Monday, 17 September 2007

Pyrenean Adventure - Part 2

Laruns - Col d'Aubisque - Col de Soulour - Argeles Gazost - Luz St Sauveur = 75km
Lodging : Hotel des Templiers

This was our first full day in the Pyrenees. A heavy work-load and getting up for an early flight meant we had only been getting a couple of hours' sleep in the days leading up to our departure for South West France.
Although we managed a few more hours' sleep on the first night of the trip, any hope of having a lie-in was dashed when we were rudely awakened. At 7am sharp a loud pa system was turned on.

Apparently a big event was taking place that morning.

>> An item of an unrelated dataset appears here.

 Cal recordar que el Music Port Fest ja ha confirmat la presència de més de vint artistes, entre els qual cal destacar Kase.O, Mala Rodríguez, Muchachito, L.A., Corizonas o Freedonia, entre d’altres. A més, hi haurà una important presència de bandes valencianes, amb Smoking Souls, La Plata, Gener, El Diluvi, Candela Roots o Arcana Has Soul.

The annual Montee de l'Aubisque - an 16km running race from Laruns to the summit of the col d'Aubisque. About 700 runners and competitive walkers were assembled below our hotel window, warming up for the start of the race ! And the compere was giving it his all to gee up the folks ahead of this famous local event, complete with motivational music etc.

We realised we had no choice but to get up - especially when the canon went off at 7.45 to signal the start of the first wave of the race. Furthermore, we would not be able to set off early as the road would be closed during the event. This led us to take a leisurely breakfast before leaving.

I think we took things a little too leisurely (mainly due to my dawdling)so we didn't get going until almost 11am.

By this time the weather was pretty hot. I had backache from having tackled the previous day's back-breaking/quad-busting gradient in the saddle.
The hotel folks reassured us that since we'd crested col de Marie-Blanque via the hard side, nothing we were about to do would be any worse than that. I suppose that's the advantage of starting the tour with the toughest gradient !


COL D'AUBISQUE


The ride up the col d'Aubisque would be long and hot - thankfully the gradient wouldn't be too stiff - starting off at 5%, then rising up to 10-11% in the middle, before levelling off near the top. I decided to take it easy. I was feeling the strain of having 9kg of panniers and a ruck-sack to carry. It felt worse when we were passed by lots of local club riders on their Sunday run round the lanes ! I tried as much as possible to keep in the shade. This was possible as far as Eaux Bonnes, but afterwards I was faced with the full exposure of the midday sun.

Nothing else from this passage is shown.